## TASK TO CARRY OUT
What is needed is an exact transcription of the listing, with the images removed.

## ENTRIES SUPPLIED

[Start of Attachment]

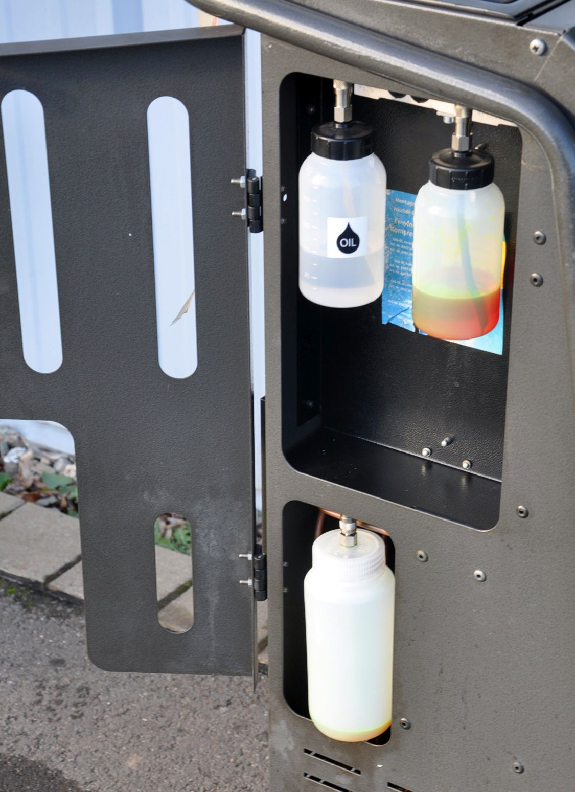 Das Gerät ist ein Vollautomat der nach Eingabe der Fahrzeugdaten den Service automatisch durchführt. ( absaugen, Recycling, Evakuieren, Öl absaugen, Öl einfüllen, Kontrastmittel einfüllen, Kältemittel befüllen )
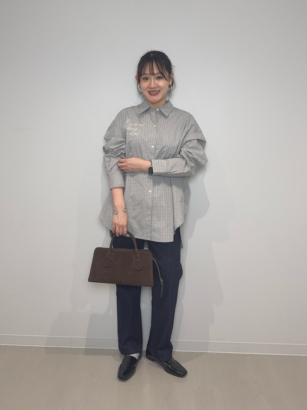 くすみカラーのチェック柄が程よいアクセントになって可愛いです💕胸元には刺繍デザインも◎
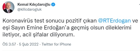 Cumhurbaşkanı Recep Tayyip erdoğan ile eşi Emine Erdoğan koronavirüse yakalandı.CHP Genel Başkanı Kemal Kılıçdaroğlu, Erdoğan ve işeni "geçmiş olsun" mesajı dedi.Kılıçdaroğlu, "Koronavirüs test sonucu pozitif çıkan Erdoğan ve eşi Sayın Emine Erdoğan’a geçmiş olsun dileklerimi iletiyor, acil şifalar diliyorum" ifadelerini kullandı.
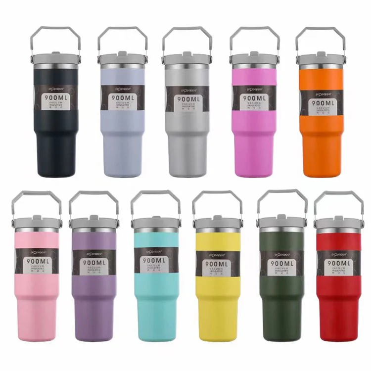 Tumbleren med håndtagens kapacitet er 900 ml og 600 ml, den er vakuumisoleret, når du lægger varmt eller koldt vand, tager du det i din hånd, det føles ikke varmt.
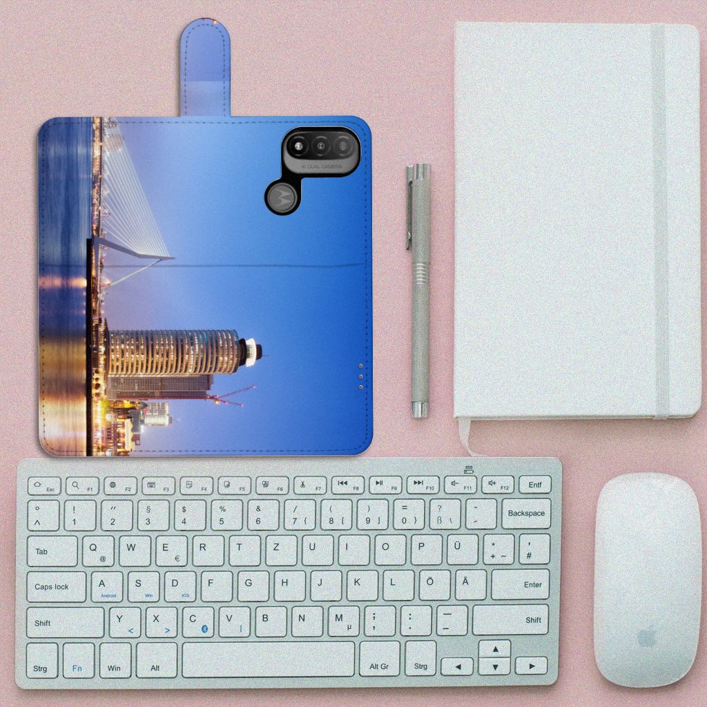 Een hoesje met de Rotterdamse skyline is niet alleen voor de plaatselijke inwoners een bijzonderheid. Ook jij zult glimmen van trots wanneer het gaat over jouw boekhoesje met de Rotterdamse skyline. Sinds 1975 zijn hoogbouw en Rotterdam onlosmakelijk met elkaar verbonden. Dat zie je duidelijk terug als je dit smartphone hoesje koopt. Een Motorola Moto E20 | E30 | E40 Flip Cover is zeer praktisch dankzij de opbergvakjes aan de binnenzijde en het magnetische lipje aan de buitenzijde en beschermt jouw smartphone aan alle zijden. Dankzij het platte Hollandsche landschap zie je de Rotterdamse binnenstad vanuit verschillende posities liggen. Beloon jezelf en je telefoon met dit mooi Rotterdamse boekhoesje. De case heeft een houder van TPU, waar jouw telefoon precies in past.
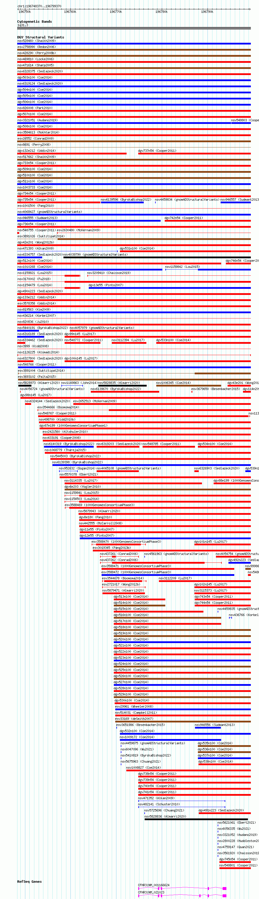 Variant DetailsVariant: nsv1126225| Internal ID | 19274452 | | Landmark | | | Location Information | | | Cytoband | 1q31.3 | | Allele length | | Assembly | Allele length | | hg38 | 51001 | | hg19 | 51001 |
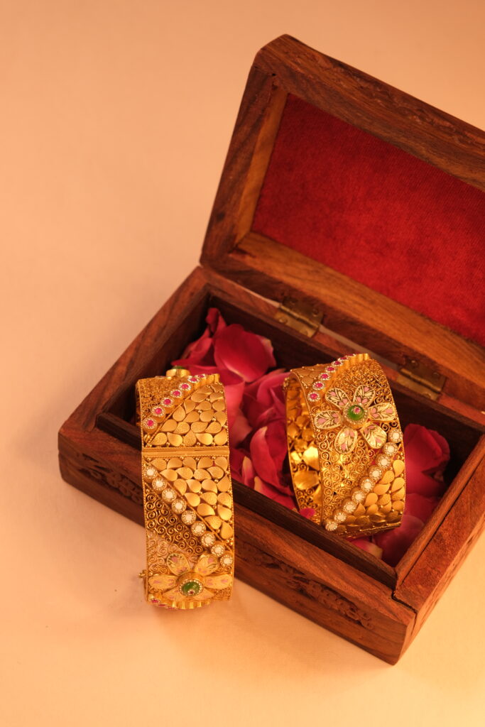 ANTIQUE KADA SET STUDDED WITH SEMI PRECIOUS STONE WITH SCREW LOCK IN 22 KT GOLD This exquisite antique kada is crafted in pure 22 karat gold, featuring a traditional design enhanced with carefully selected semi-precious stones. The intricate detailing showcases timeless craftsmanship, while the secure screw lock ensures a comfortable and firm fit. A perfect […]

[End of Attachment]

## SOLUTION
 Das Gerät ist ein Vollautomat der nach Eingabe der Fahrzeugdaten den Service automatisch durchführt. ( absaugen, Recycling, Evakuieren, Öl absaugen, Öl einfüllen, Kontrastmittel einfüllen, Kältemittel befüllen )
 くすみカラーのチェック柄が程よいアクセントになって可愛いです💕胸元には刺繍デザインも◎
 Cumhurbaşkanı Recep Tayyip erdoğan ile eşi Emine Erdoğan koronavirüse yakalandı.CHP Genel Başkanı Kemal Kılıçdaroğlu, Erdoğan ve işeni "geçmiş olsun" mesajı dedi.Kılıçdaroğlu, "Koronavirüs test sonucu pozitif çıkan Erdoğan ve eşi Sayın Emine Erdoğan’a geçmiş olsun dileklerimi iletiyor, acil şifalar diliyorum" ifadelerini kullandı.
 Tumbleren med håndtagens kapacitet er 900 ml og 600 ml, den er vakuumisoleret, når du lægger varmt eller koldt vand, tager du det i din hånd, det føles ikke varmt.
 Een hoesje met de Rotterdamse skyline is niet alleen voor de plaatselijke inwoners een bijzonderheid. Ook jij zult glimmen van trots wanneer het gaat over jouw boekhoesje met de Rotterdamse skyline. Sinds 1975 zijn hoogbouw en Rotterdam onlosmakelijk met elkaar verbonden. Dat zie je duidelijk terug als je dit smartphone hoesje koopt. Een Motorola Moto E20 | E30 | E40 Flip Cover is zeer praktisch dankzij de opbergvakjes aan de binnenzijde en het magnetische lipje aan de buitenzijde en beschermt jouw smartphone aan alle zijden. Dankzij het platte Hollandsche landschap zie je de Rotterdamse binnenstad vanuit verschillende posities liggen. Beloon jezelf en je telefoon met dit mooi Rotterdamse boekhoesje. De case heeft een houder van TPU, waar jouw telefoon precies in past.
 Variant DetailsVariant: nsv1126225| Internal ID | 19274452 | | Landmark | | | Location Information | | | Cytoband | 1q31.3 | | Allele length | | Assembly | Allele length | | hg38 | 51001 | | hg19 | 51001 |
 ANTIQUE KADA SET STUDDED WITH SEMI PRECIOUS STONE WITH SCREW LOCK IN 22 KT GOLD This exquisite antique kada is crafted in pure 22 karat gold, featuring a traditional design enhanced with carefully selected semi-precious stones. The intricate detailing showcases timeless craftsmanship, while the secure screw lock ensures a comfortable and firm fit. A perfect […]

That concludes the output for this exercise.